> [YOUR ASSIGNMENT]:
Nothing but an exact copy is asked for: the lines in the material below from the one with "Kadın Sıfır Kollu" through the one with "洗面は黒を基調としたホテル仕", pictures excluded.

> [RECORDS]:

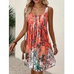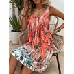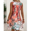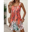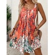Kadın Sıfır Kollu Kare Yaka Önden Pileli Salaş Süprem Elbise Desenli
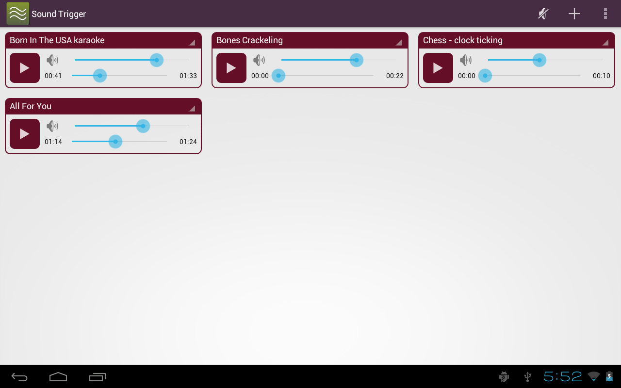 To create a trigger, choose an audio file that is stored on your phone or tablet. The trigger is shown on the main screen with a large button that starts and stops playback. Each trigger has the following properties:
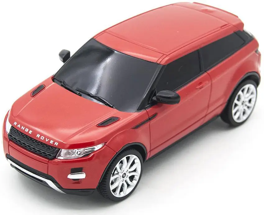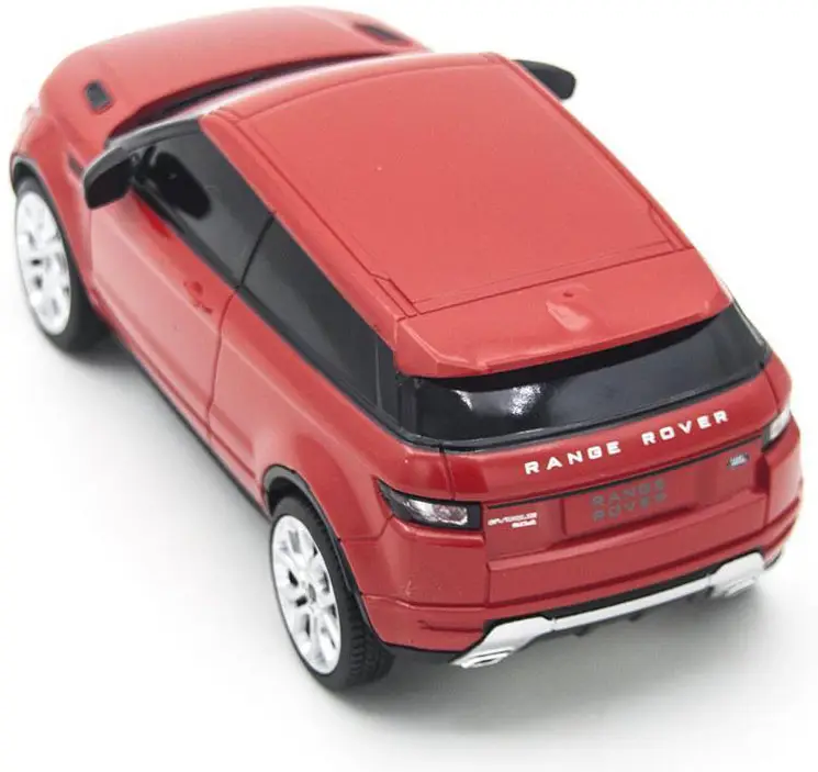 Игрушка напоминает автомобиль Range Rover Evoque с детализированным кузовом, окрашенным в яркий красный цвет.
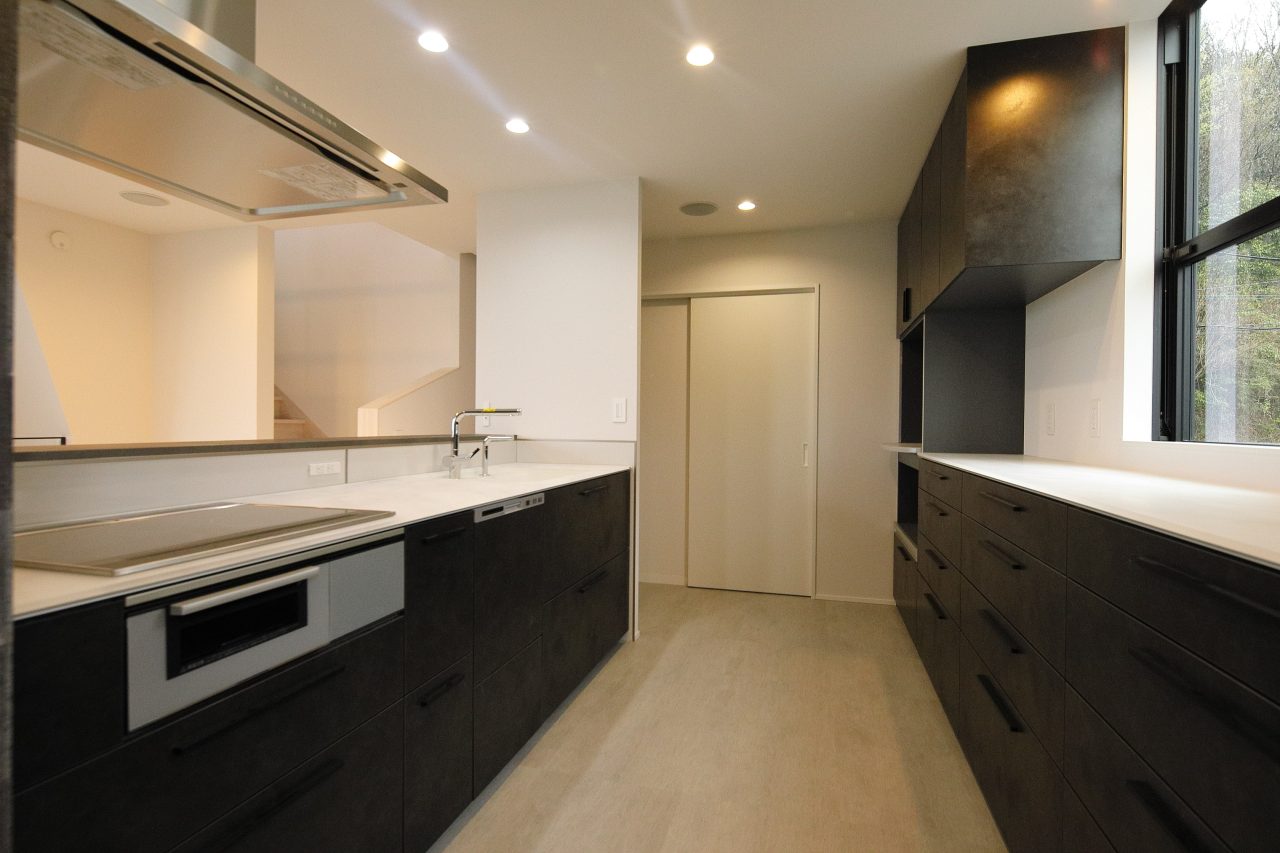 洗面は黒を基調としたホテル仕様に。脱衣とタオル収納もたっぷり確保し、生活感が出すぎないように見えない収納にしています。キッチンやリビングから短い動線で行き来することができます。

--

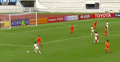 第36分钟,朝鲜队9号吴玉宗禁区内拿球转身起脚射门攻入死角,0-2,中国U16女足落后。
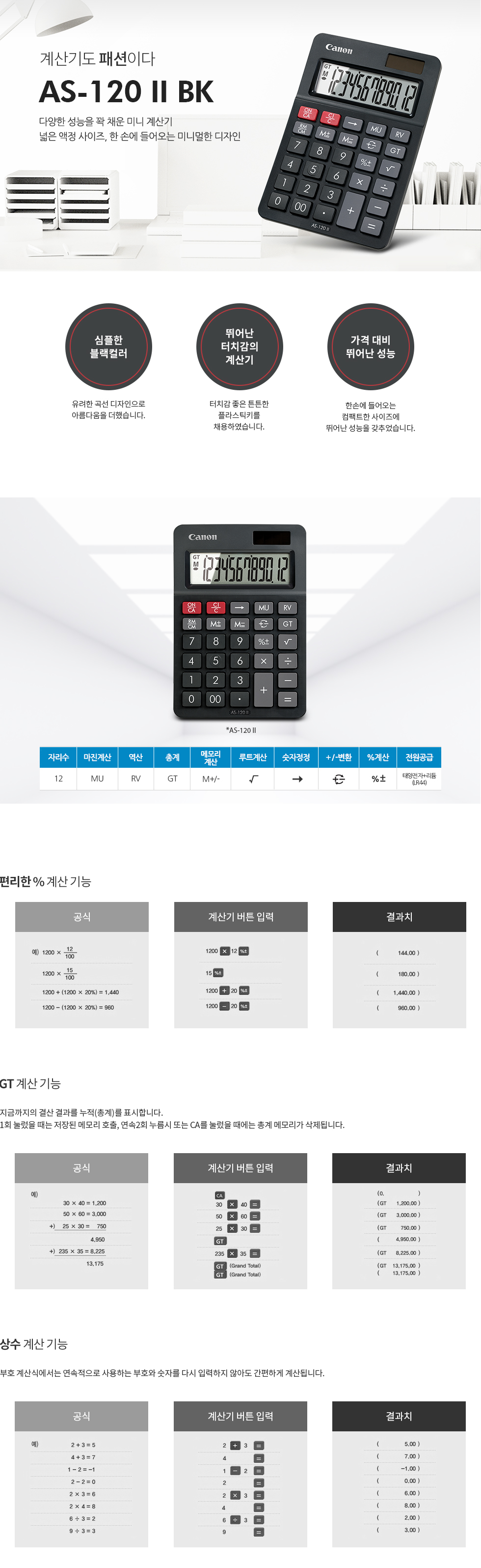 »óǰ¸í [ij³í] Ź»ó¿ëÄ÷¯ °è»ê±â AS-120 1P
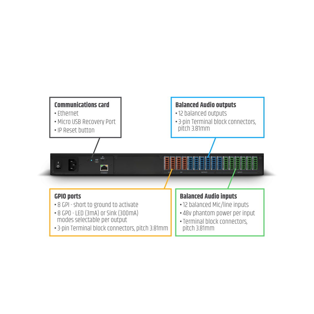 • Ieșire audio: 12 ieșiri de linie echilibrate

> [OUTPUT OF THE TASK]:
Kadın Sıfır Kollu Kare Yaka Önden Pileli Salaş Süprem Elbise Desenli
 To create a trigger, choose an audio file that is stored on your phone or tablet. The trigger is shown on the main screen with a large button that starts and stops playback. Each trigger has the following properties:
 Игрушка напоминает автомобиль Range Rover Evoque с детализированным кузовом, окрашенным в яркий красный цвет.
 洗面は黒を基調としたホテル仕様に。脱衣とタオル収納もたっぷり確保し、生活感が出すぎないように見えない収納にしています。キッチンやリビングから短い動線で行き来することができます。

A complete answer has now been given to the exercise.